DATA PROVIDED -
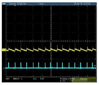 在电路原理图(图2)中,Q1是主要开关晶体管。MOSFET Vds击穿和D1的击穿电压应大于电路的最大预期输出电压。当微控制器检测到输出电流低于预期大小时,它会快速地连续四次对MOSFET加脉冲以提高电压 输出。这四个脉冲将产生更大电流和加速负荷下的上升时间。或者,可用PWM驱动MOSFET,这样允许来自升压电路的更高输出。R6/C6为电流检测网 络。
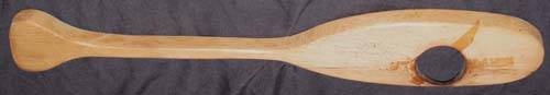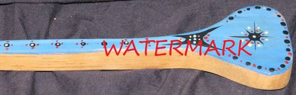 It's beautifully painted in bright colours of sky blue, etc., with raised beaded decoration on the paddle /oar's stem as well as the handle.
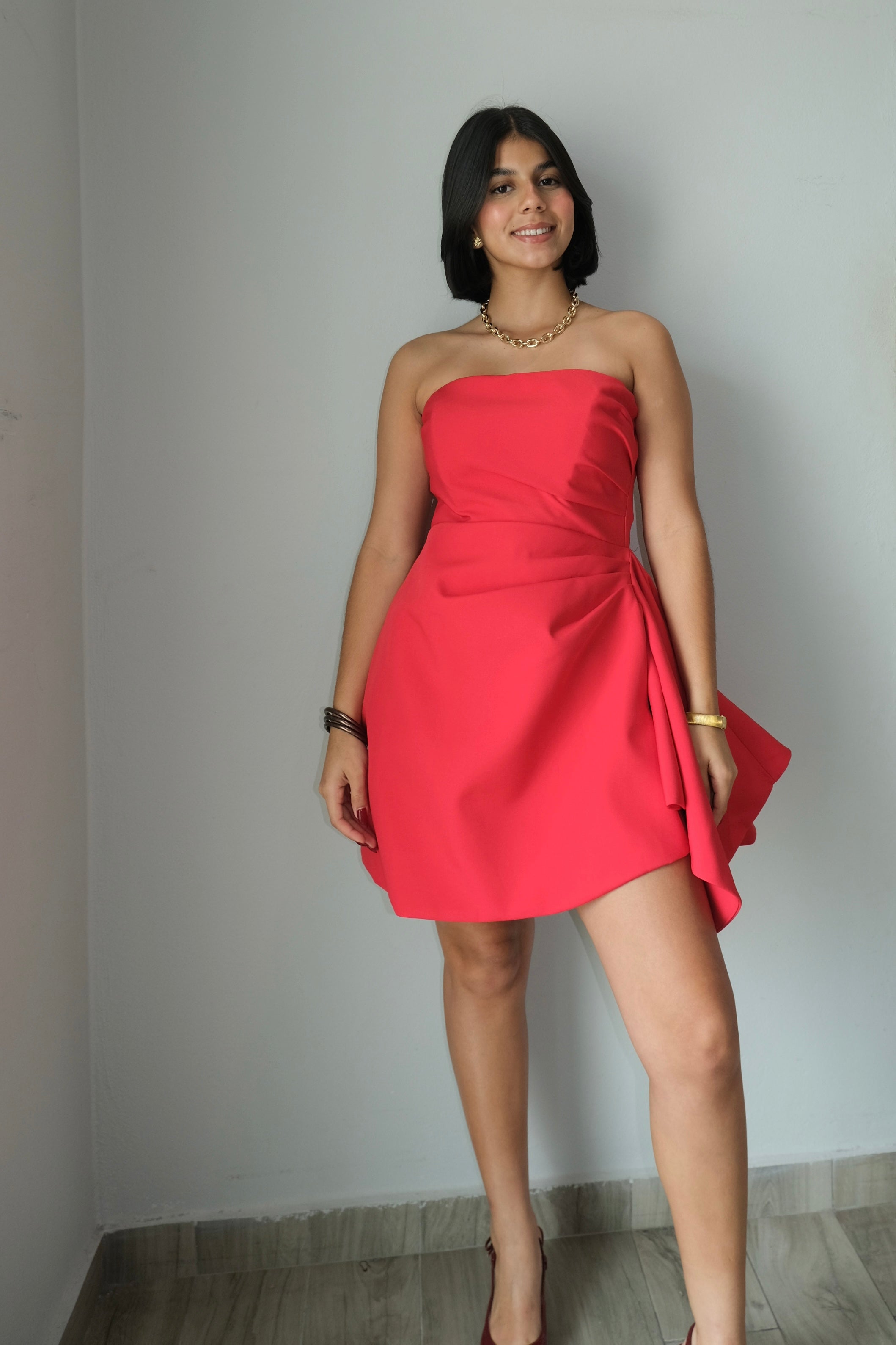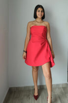 The Madeline Asymmetrical Flowy Dress features a graceful asymmetrical cut with a flowing silhouette. This dress runs true to size, so choose your regular size for the perfect fit. If you prefer a looser feel, size up. An invisible zipper on the back provides a clean, seamless look. Please note this dress does not stretch, so sizing is important for comfort. The model is wearing a size small.
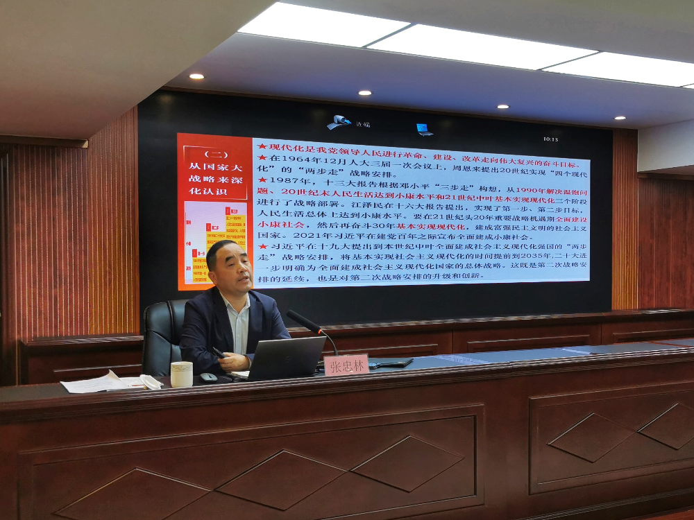 本次报告会特别邀请江门职业技术学院党委书记、市委宣讲团成员张忠林同志作专题宣讲。张忠林围绕党的二十届四中全会的重大意义与重要地位展开系统阐释,紧扣“十五五”时期发展的指导方针、主要目标、战略任务及重大举措,深入解读了以全面深化改革开放推动高质量发展的实践路径。同时,他就如何学深悟透、贯彻落实《习近平谈治国理政》第五卷的重要意义进行了深入浅出的剖析。
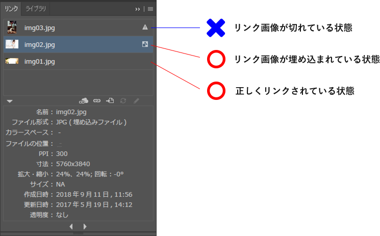 2リンクパレットでリンク画像の状態を確認
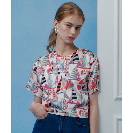 ショート丈のTシャツデザインのブラウスです。
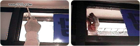 절단할 유리에 썬팅등이 있을경우는 썬팅을 파손할 부위만큼 제거한다.
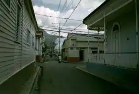 ![]() Rue de Puerto Plata | ![]() Vue de Puerto Plata à partir de la plateforme d'arrivée du téléphérique menant au sommet du Pico Isabel de Torres (793 m) |
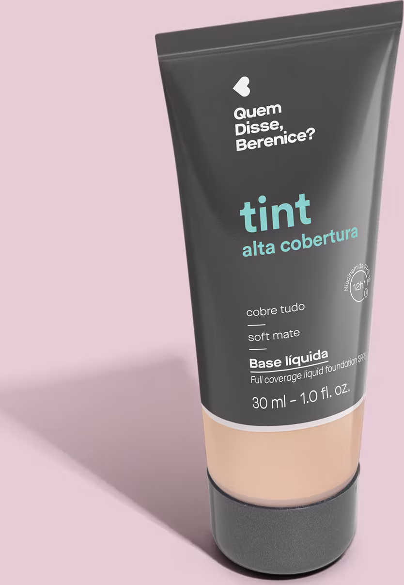 A Base Tint Alta Cobertura é aquela que cobre tudo, sabe? Com textura fluida, proporciona alta cobertura com apenas uma fina camada, não craquela e permite construção de camadas com acabamento soft mate, que não resseca sua pele.
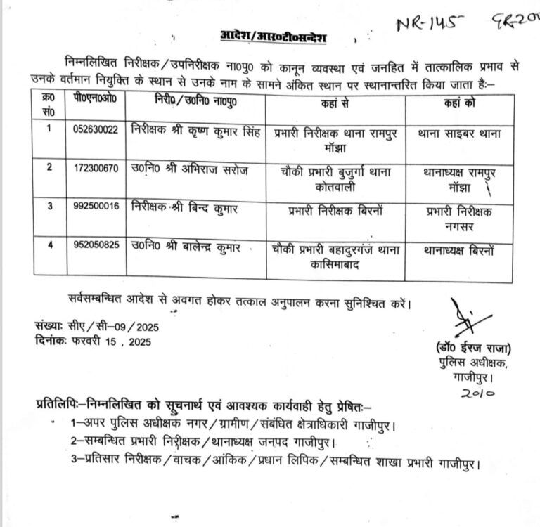 गाजीपुर। कानून व्यवस्था को चुस्त दुरुस्त रखने के लिए पुलिस अधीक्षक डॉ ईरज राजा ने शनिवार को चार थानाध्यक्षों का स्थानान्तरण किया।
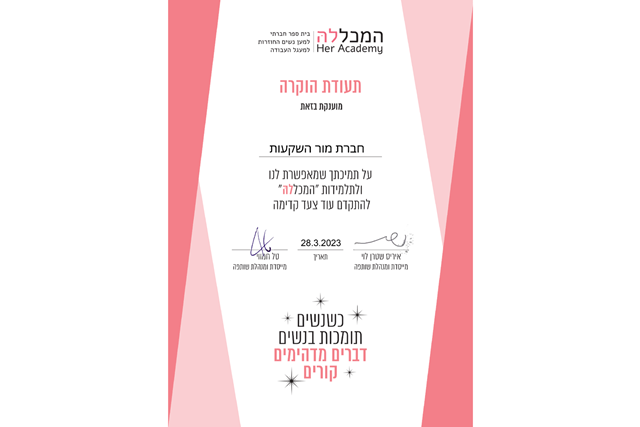 - הקבוצה פועלת בתחום הפיננסי, ואנו רואים אחריות גדולה במתן כלים לעצמאות כלכלית בקרב נשים, לצד קידום שוויון מגדרי בשוק העבודה בתחום.
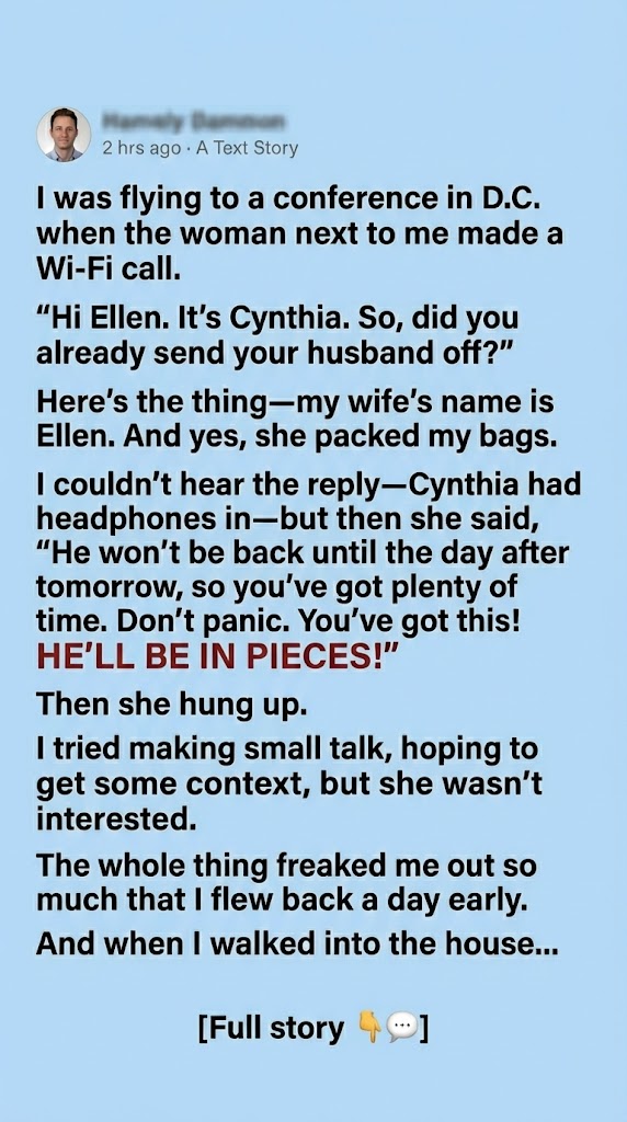 And yes—she had packed my bags that morning, kissed me goodbye, and joked about enjoying the house to herself while I was gone.
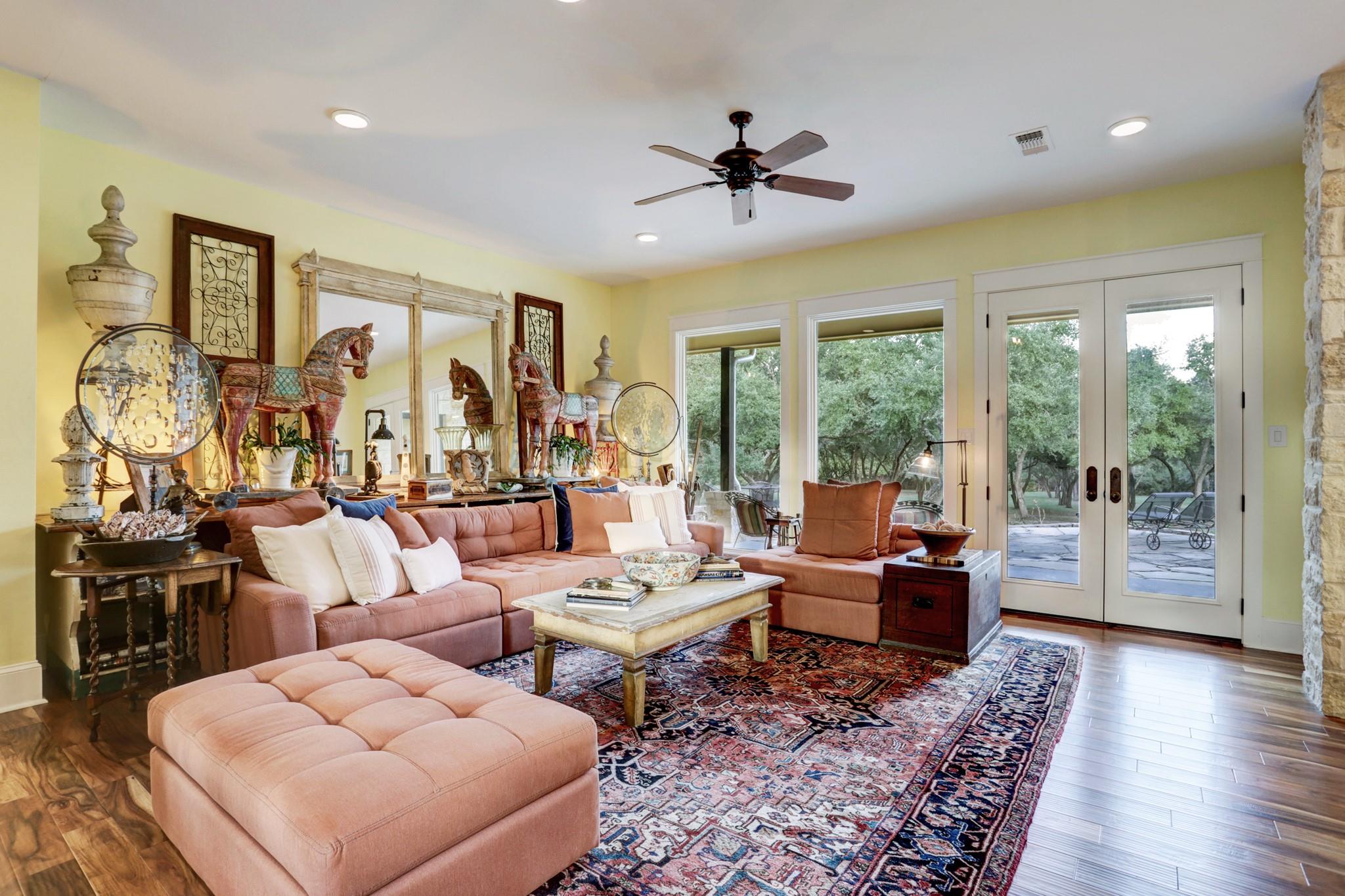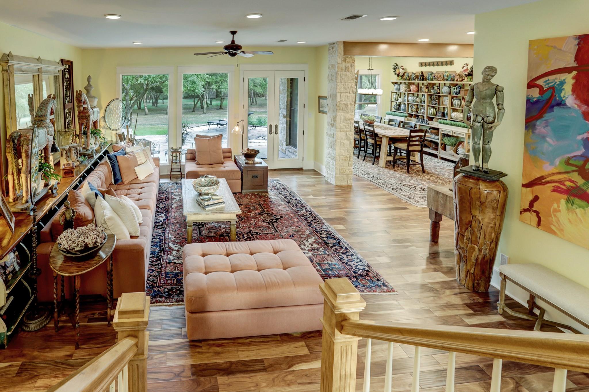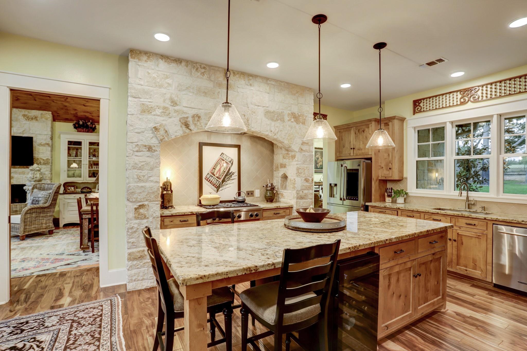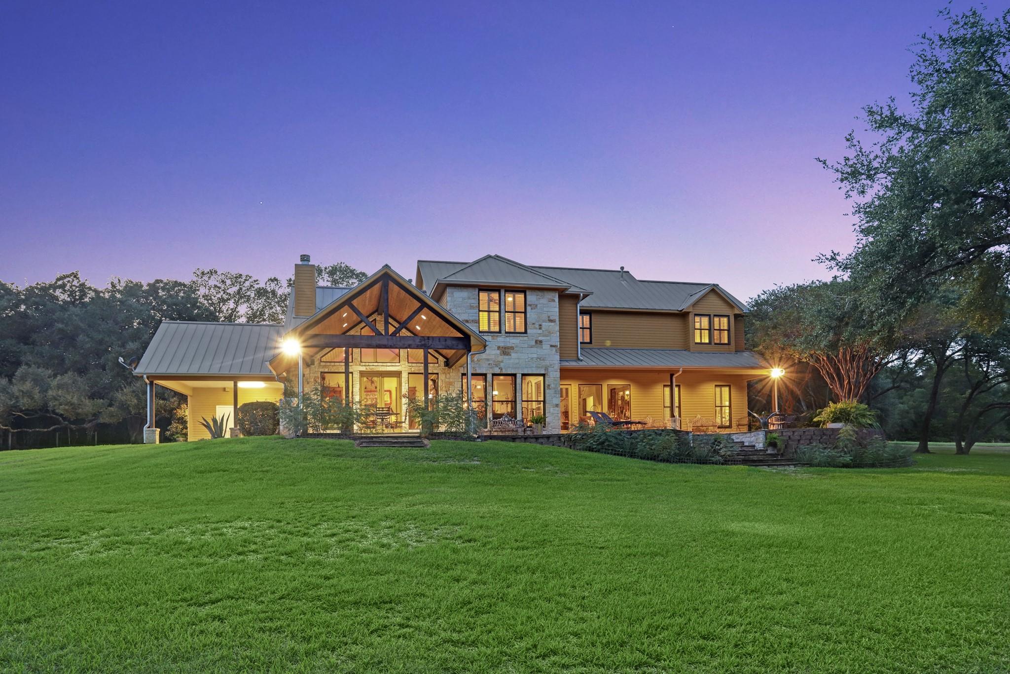 This stunning custom home features green hay meadows and over 100 yr old Live Oaks providing ultimate privacy on 41 acres. This 4 bedroom/4 bath home (4317 sf) has large porches and stone patios front and back to enjoy the outdoors. A dramatic 2 story entrance opens to living and dining room with floor to ceiling windows. Chefs’ kitchen with an arched stone wall accent above 6 burner gas range, double ovens, large island with seating and wine fridge, and Smart fridge. The family room has Austin stone fireplace and could easily be guest suite with attached full bath and walk-in closet. 1st floor with 3 sets of Double glass doors that open into a park-like setting. Primary downstairs with built-ins and bath with soaking tub, walk-in shower, and closet. 2nd floor has loft sitting area with 3 bedroom/2 bath. Ag exemption currently in place. Only 15 minutes from Round Top and Brenham. Halfway between Houston and Austin.
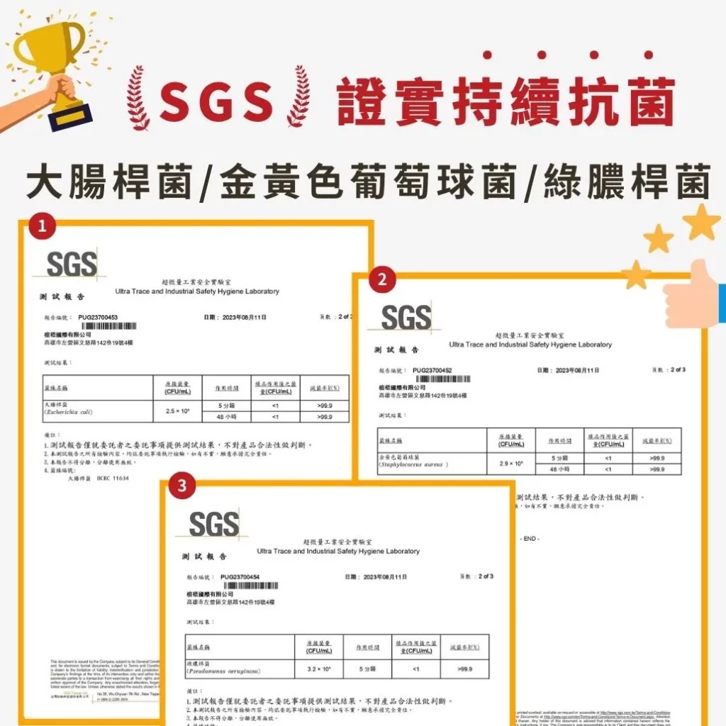 •       SGS 48 小時抗菌認證
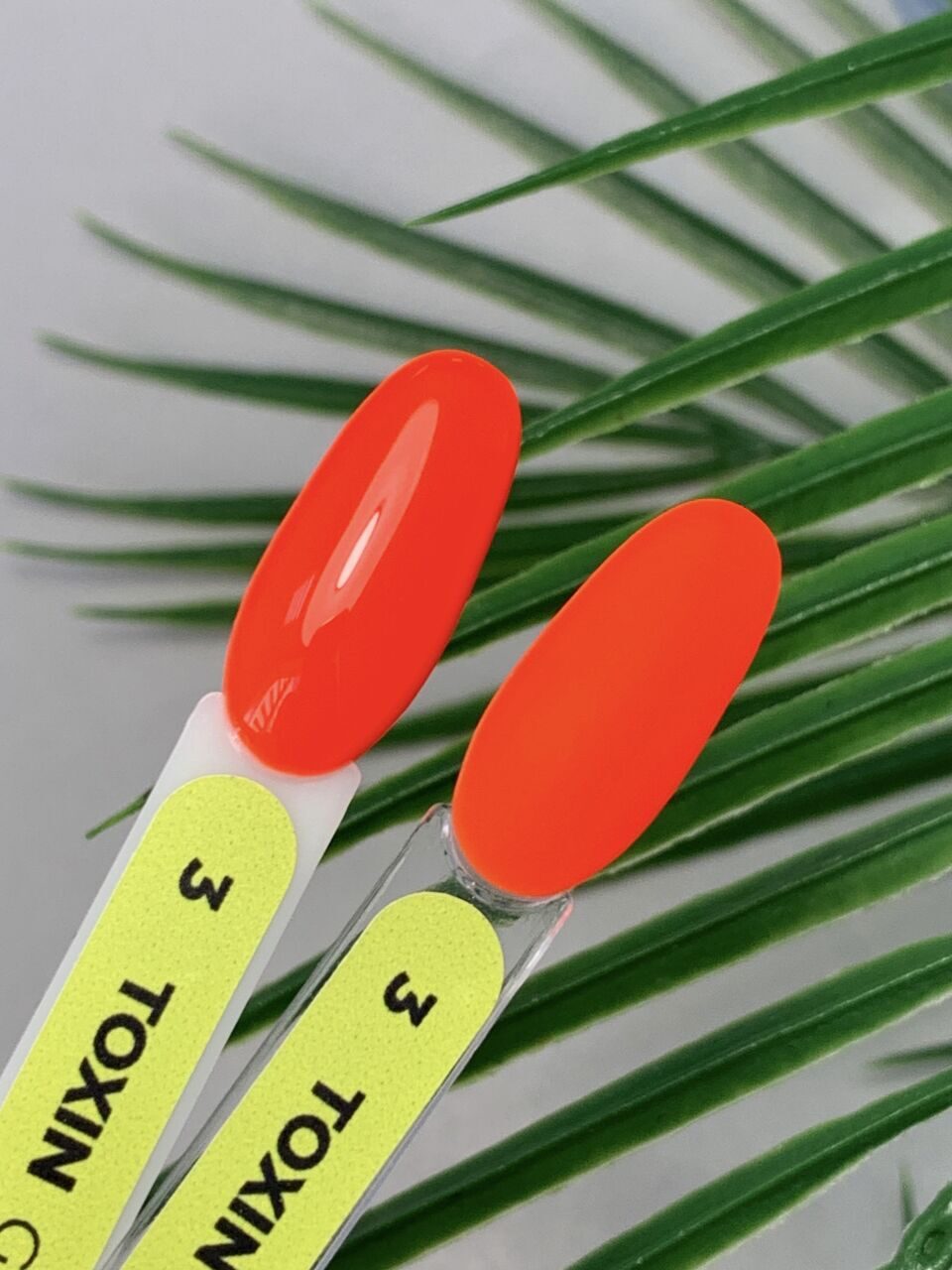 ✔️ Shade: Toxin Gel Polish №3 – Fiery coral-red, cream finish, opaque.
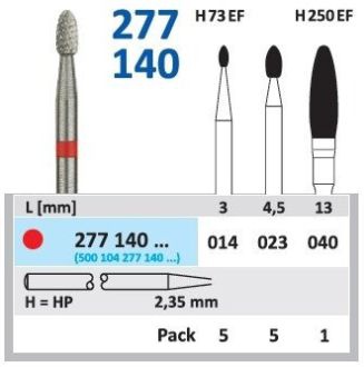 Tvrdokovová fréza – vajíčko s priemerom 2,3 mm. Pracovná dĺžka 4,5 mm.

TASK STATEMENT - Each line above that falls between the line with "गाजीपुर। कानून व्यवस्था" and the line with "And yes—she had" should be printed exactly, together with those two lines, but the pictures should not.

TASK RESPONSE -
 गाजीपुर। कानून व्यवस्था को चुस्त दुरुस्त रखने के लिए पुलिस अधीक्षक डॉ ईरज राजा ने शनिवार को चार थानाध्यक्षों का स्थानान्तरण किया।
 - הקבוצה פועלת בתחום הפיננסי, ואנו רואים אחריות גדולה במתן כלים לעצמאות כלכלית בקרב נשים, לצד קידום שוויון מגדרי בשוק העבודה בתחום.
 And yes—she had packed my bags that morning, kissed me goodbye, and joked about enjoying the house to herself while I was gone.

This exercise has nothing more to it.